Having admired Carson’s work in environmental and natural resource markets for years, I was thrilled to lure (I mean, invite) him to collaborate on the Consumer Corner Micro-Course. I’m increasingly convinced, or maybe it is concern, that fulfilling consumer demand for things like ‘improved animal welfare’ are akin to ‘improved carbon emissions’. Admittedly, in one case (animal welfare) we want MORE and in the other (carbon) we want less, but the situation persists … we want stuff we cannot hold in our hands and that is hard to measure, but can technically (although sometimes at great expense) be validated or given some kind of stamp. That yields the next question, do we trust the people doing the stamping?

With all of the interest in carbon markets today by consumers, I really do want to know if they work (and apparently so do lots of other people).

Author: Nicole Olynk Widmar, Associate Head and Professor, Purdue University, Department of Agricultural Economics, and Carson Reeling, Associate Professor, Purdue University, Department of Agricultural Economics

Nicole: “So, do carbon markets work, Carson?”

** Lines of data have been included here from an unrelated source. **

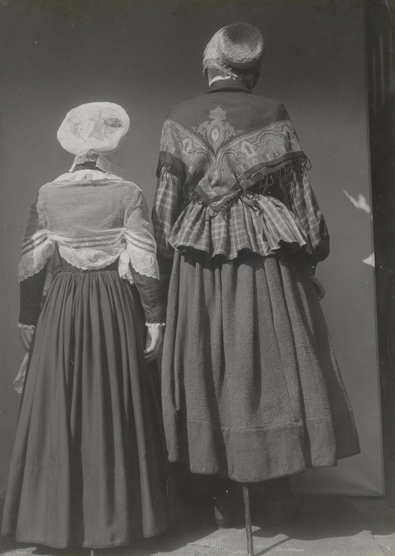 Twee poppen in streekdracht, gefotografeerd tijdens de ontruiming van de streekdrachttentoonstelling in het Nederlands Openluchtmuseum vanwege de evacuatie van de museumcollectie in 1943. De pop links draagt communiekleding uit het Markiezaat van Bergen op Zoom en de pop rechts kleding van een marktvrouw uit Maastricht.
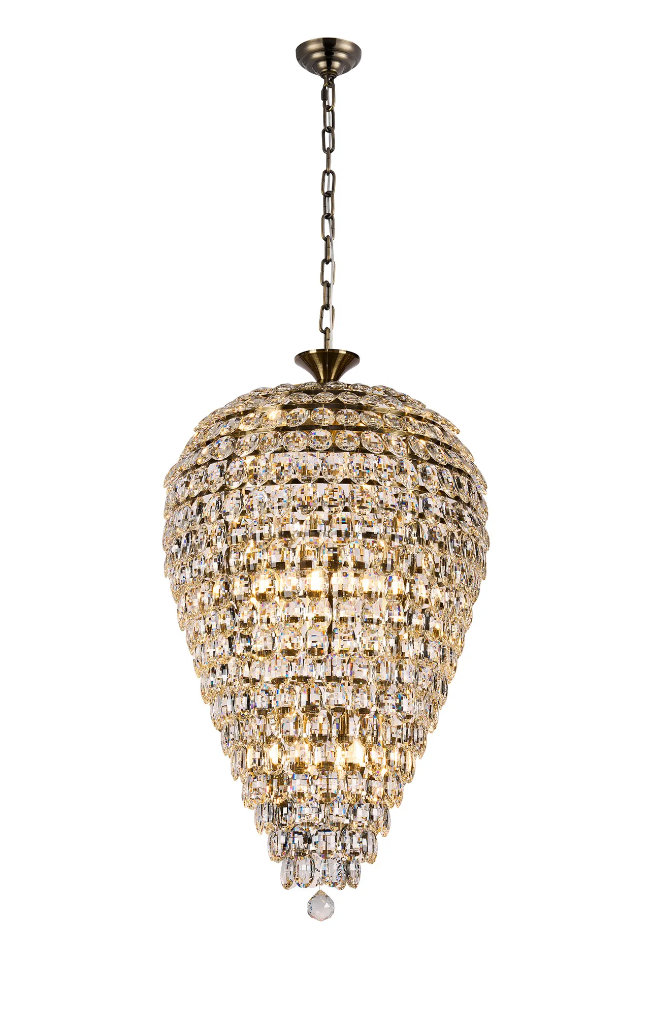 Lightologist Conifer 60cm Acorn Pendant, 16 Light E14, Antique Brass/Crystal
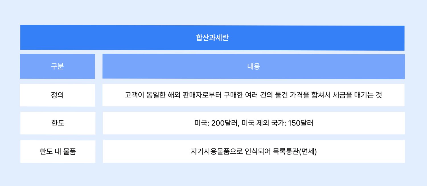 합산과세는 말 그대로 고객이 구매한 여러 건의 물건 가격을 '합쳐서' 세금을 매기는 것을 말해요. 이때 고객이 구매한 상품 가격이 면세 한도(미국 $200, 그 외 $150)를 넘으면 대행업자는 관세와 부가세를 내야 해요.
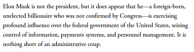 “To describe the current situation in the executive branch as merely a constitutional crisis is to understate the significance of what we’re experiencing. “Constitutional crisis” does not even begin to capture the radicalism of what is unfolding in the federal bureaucracy and of what Congress’s decision not to act may liquidate in terms of constitutional meaning.”
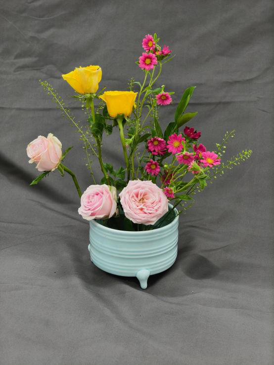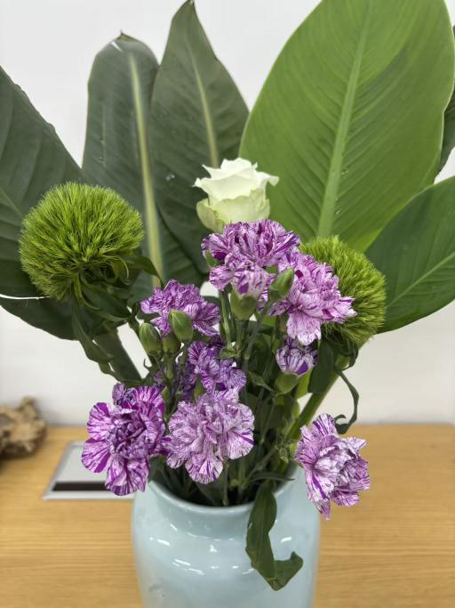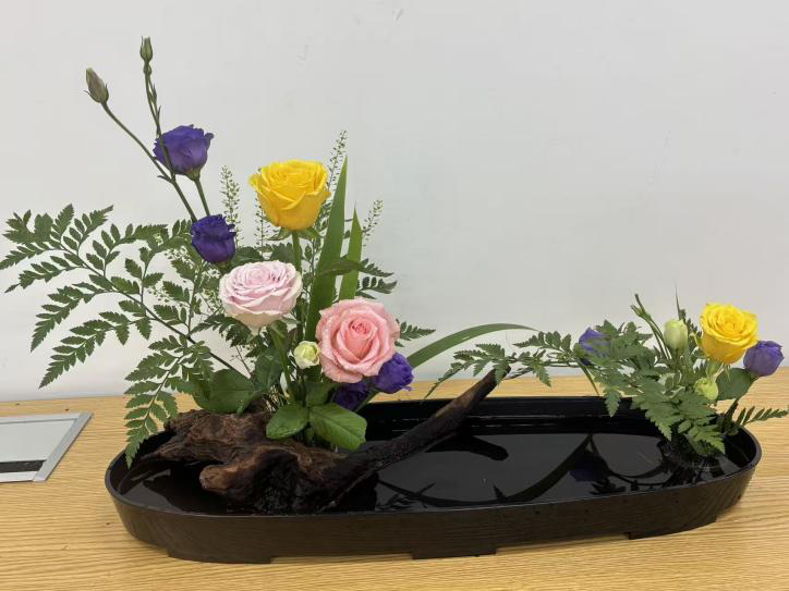 课程学习期间,同学们以花为媒,完成了从“理论认知”到“实践创作”的完整蜕变。在选材上,学会精准把握植物的形态特质与季节特性;在构图中,逐渐领悟线条、疏密、虚实的平衡之道;在创作里,更是大胆融入风景园林专业的空间思维,让作品兼具自然意趣与景观视野。大家在作品中追求“以花传情、以景表意”,既有淡雅清新的自然风作品,也有兼具现代设计感的创意之作,在一枝一叶的排布中,深刻体会到插花艺术的自然之美、人文之韵与浪漫之情。此次课程不仅点燃了同学们对花艺的热爱,更让大家意识到传统插花文化在现代景观设计中的独特价值,为后续专业学习注入了新的灵感与活力。

Carson: “I use that term “market” very loosely, because if you are an economist who looks at these (carbon markets), they don’t really look like anything that resembles a market to you.”  Dr. Carson Reeling, April 6th, 2022 in the Consumer Corner Micro-Course Consumer-Driven Changes in Ag Market Channels

It’s a trick question … let’s start with whether they are actually markets. The answer? They’re not actually markets, although there are certainly an abundance of carbon offset programs.

So, perhaps they are voluntary carbon sequestration programs. Whether a market or a program, they’re certainly eliciting attention these days, and that attention yields a need for agriculture’s involvement in ensuring trust in the programs and that consumers and the general public know what they’re getting (and that we know what we’re giving!).